Many Iraq pundits incorrectly view the Sunni insurgency as the greatest threat to both a stable government and Coalition forces. In truth, the most dangerous scenario in Iraq would be a collapse of the tenuous alliance between major Shia groups. Those bonds are currently being stretched to the breaking point, and ground zero appears to be Basra, a southern province with huge oil revenue potential. Basra was essentially handed over by the British to armed gangs, and three main Shia groups (SCIRI, Fadilah, and Sadrists) are struggling to control the local government and, therefore, the oil wealth.
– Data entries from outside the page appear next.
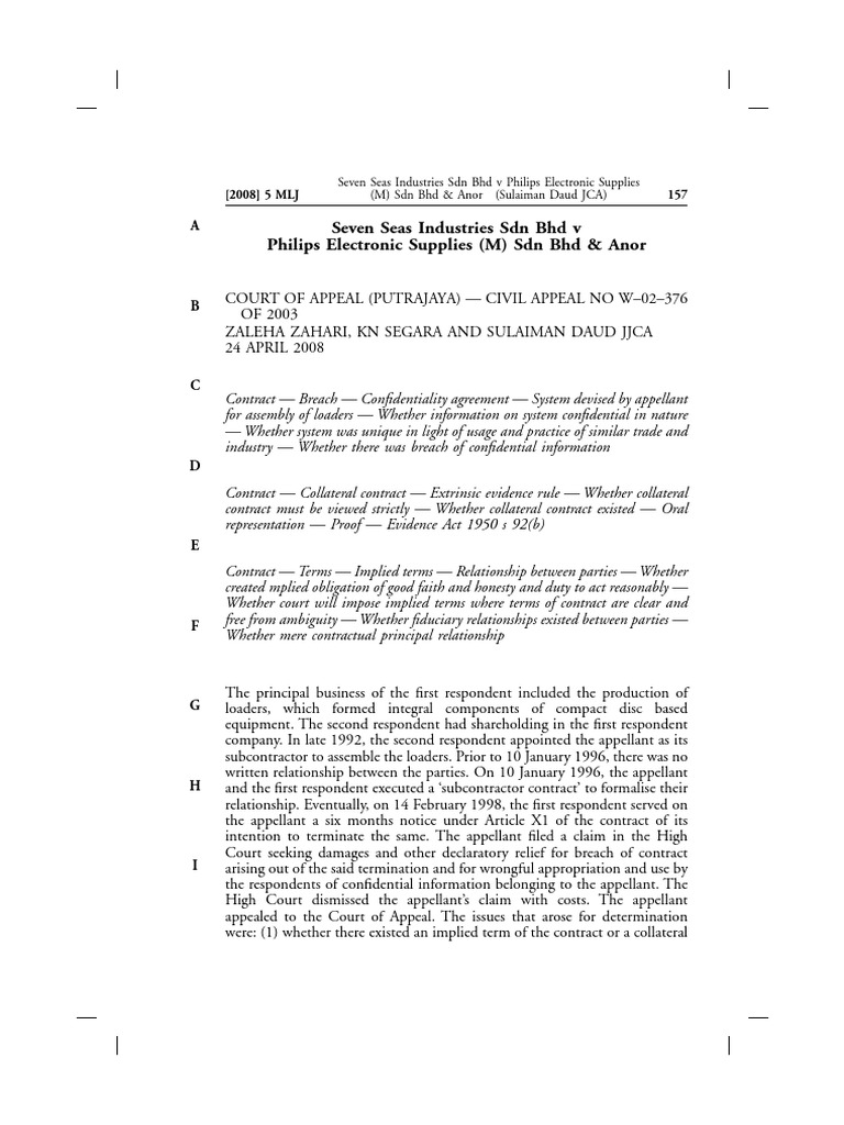 Seven Seas Industries SDN BHD V Philips Electronic Supplies (M) SDN BHD
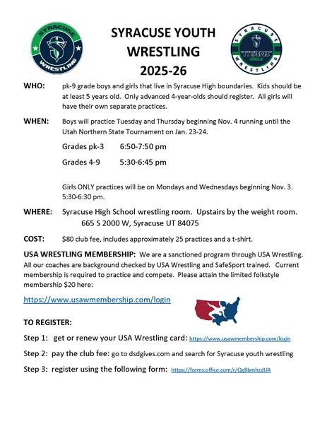Syracuse High SchoolPK-9 grade boys and girls that live in Syracuse High boundaries. Kids should be at least 5 years old. Only advanced 4-year-olds should register. All girls will have their own separate practices. Boys will practice Tuesday and Thursday beginning Nov. 4 running until the Utah Northern State Tournament on Jan. 23-24. Girls ONLY practices will be on Mondays and Wednesdays beginning Nov. 3. 5:30-6:30 pm. See Flyer for more information.
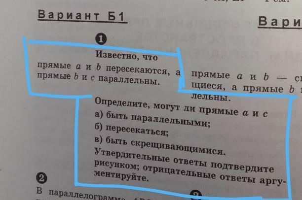 Значит, а║b. Но по условию прямые а и b пересекаются. Следовательно предположение неверно. Прямые а и с не могут быть параллельны.
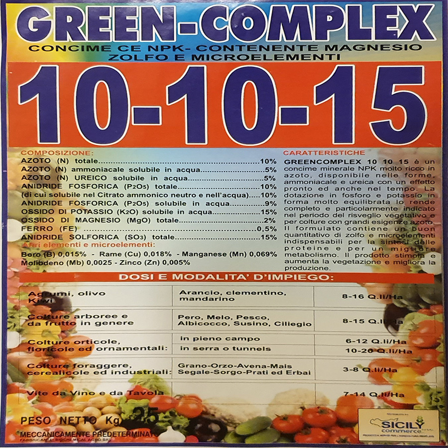 GreenComplex 10-10-15 è un concime minerale NPK molto ricco in azoto, disponibile nelle forme ammoniacale e ureica con un effetto pronto ed anche nel tempo. La dotazione in fosforo e potassio in forma molto equilibrata lo rende completo e particolarmente indicato nel periodo del risveglio vegetativo e per colture con grandi esigenze azoto. Il formulato contiene un buon quantitativo di zolfo e microelementi indispensabili per la sintesi delle proteine e per un migliore metabolismo. Il prodotto stimola e aumenta la vegetazione e migliora la produzione.
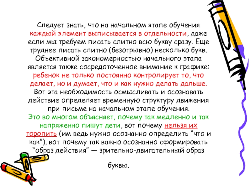 Это во многом объясняет, почему так медленно и так напряженно пишут дети, вот почему нельзя их торопить (им ведь нужно осознанно определить “что и как”), вот почему так важно осознанно сформировать “образ действия” — зрительно-двигательный образ буквы.
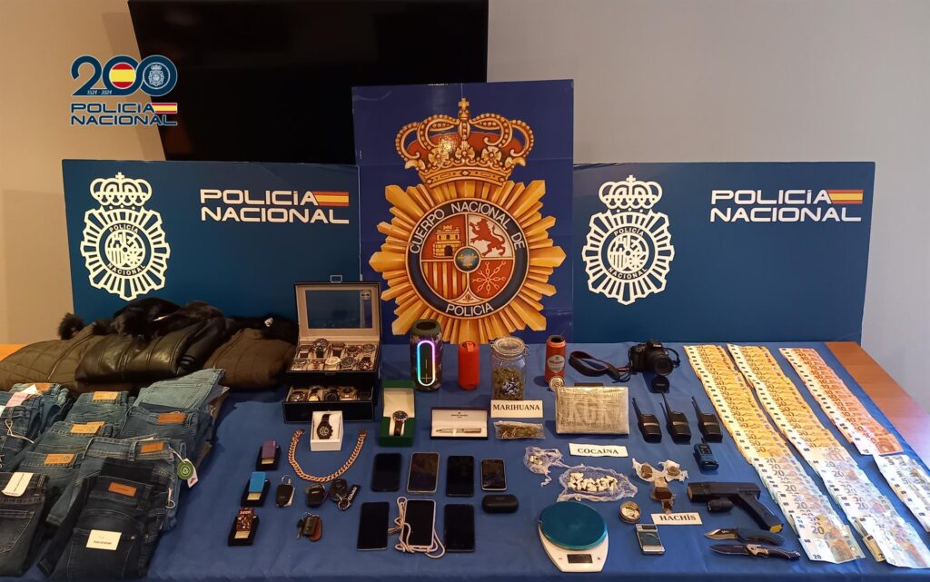Durante el registro de los tres domicilios y el local que utilizaban los arrestados se incautaron numerosas dosis individuales listas para la venta, 60 gramos de hachís, 97 de marihuana, 3.070 euros en metálico, una pistola táser, seis teléfonos móviles, dos básculas de precisión, tres vehículos -uno de ellos de alta gama- y multitud de efectos sustraídos.
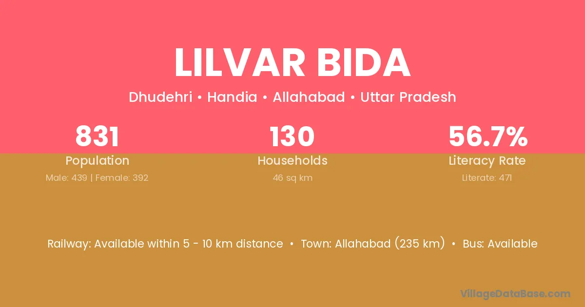 Allahabad (235 km) is the nearest town to Lilvar Bida village for major economic activities and is located approximately 235 km away.

These issues expose the difficulty of the withdrawal options: default control to local militias, as the British apparently did, and it invites anarchy that would not necessarily have otherwise occurred. Wait too long to leave, however, and troops are likely to get in the middle of Shia vs. Shia conflict. Anti-Coalition attacks by Sunni (20% of the population) is bad; increased anti-Coalition attacks by Shia (60%), if some Shia groups begin to see the U.S. as favoring one subgroup or another, would be a total debacle. Obviously Iraq is already quite the disaster, but Shia-U.S. violence would bring it to an entirely new level.

This is a primary reason why the stay-the-course "strategy" is so foolish and dangerous. In order to redeploy our troops, there has to be a plan. Refusing to consider withdrawal seems to have eliminated the planning for it. To get out with even minimal order, the U.S. should be proactively helping to establish power-sharing arrangements not just at the national level, but even more importantly, at the provincial level. If things go bad down the road within sectarian groups, then, at least we won't be in the middle of it. And before you start sharpening the knives -- this isn't an argument against withdrawal, but rather to say that when we do start to cede control, setting the stage for troop removal (as we have seen with the superbases), there's a right way and a wrong way to do it. Needless to say, I'm not optimistic.